--- Supplied material ---

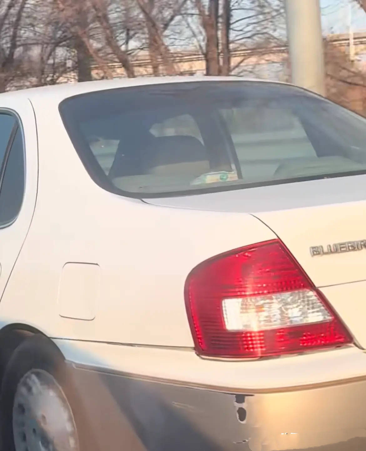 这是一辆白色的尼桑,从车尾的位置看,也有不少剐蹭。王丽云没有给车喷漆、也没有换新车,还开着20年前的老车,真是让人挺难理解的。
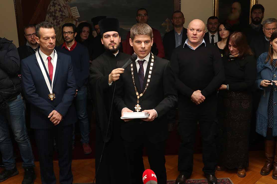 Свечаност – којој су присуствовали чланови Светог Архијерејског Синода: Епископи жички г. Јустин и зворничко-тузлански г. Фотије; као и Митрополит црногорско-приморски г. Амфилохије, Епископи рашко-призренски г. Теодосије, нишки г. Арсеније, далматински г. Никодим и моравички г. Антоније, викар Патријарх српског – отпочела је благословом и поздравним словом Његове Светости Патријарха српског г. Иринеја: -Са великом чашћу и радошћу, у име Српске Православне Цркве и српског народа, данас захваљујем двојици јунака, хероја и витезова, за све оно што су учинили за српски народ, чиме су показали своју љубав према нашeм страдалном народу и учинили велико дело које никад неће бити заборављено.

---
--- Supplied material ---

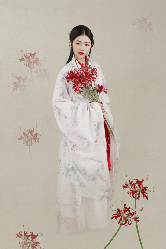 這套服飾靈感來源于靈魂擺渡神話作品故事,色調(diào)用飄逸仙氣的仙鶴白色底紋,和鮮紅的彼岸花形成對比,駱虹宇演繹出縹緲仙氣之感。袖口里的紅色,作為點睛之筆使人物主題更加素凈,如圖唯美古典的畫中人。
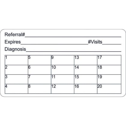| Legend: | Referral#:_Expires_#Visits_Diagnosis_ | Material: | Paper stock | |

---

◆ Exercise objective:
Within the listing above, print exactly the stretch beginning at the line that contains "这是一辆白色的尼桑,从车尾的" and finishing at the line that contains "Свечаност – којој", ends kept, pictures left out, and nothing more.

◆ Exercise response:
 这是一辆白色的尼桑,从车尾的位置看,也有不少剐蹭。王丽云没有给车喷漆、也没有换新车,还开着20年前的老车,真是让人挺难理解的。
 Свечаност – којој су присуствовали чланови Светог Архијерејског Синода: Епископи жички г. Јустин и зворничко-тузлански г. Фотије; као и Митрополит црногорско-приморски г. Амфилохије, Епископи рашко-призренски г. Теодосије, нишки г. Арсеније, далматински г. Никодим и моравички г. Антоније, викар Патријарх српског – отпочела је благословом и поздравним словом Његове Светости Патријарха српског г. Иринеја: -Са великом чашћу и радошћу, у име Српске Православне Цркве и српског народа, данас захваљујем двојици јунака, хероја и витезова, за све оно што су учинили за српски народ, чиме су показали своју љубав према нашeм страдалном народу и учинили велико дело које никад неће бити заборављено.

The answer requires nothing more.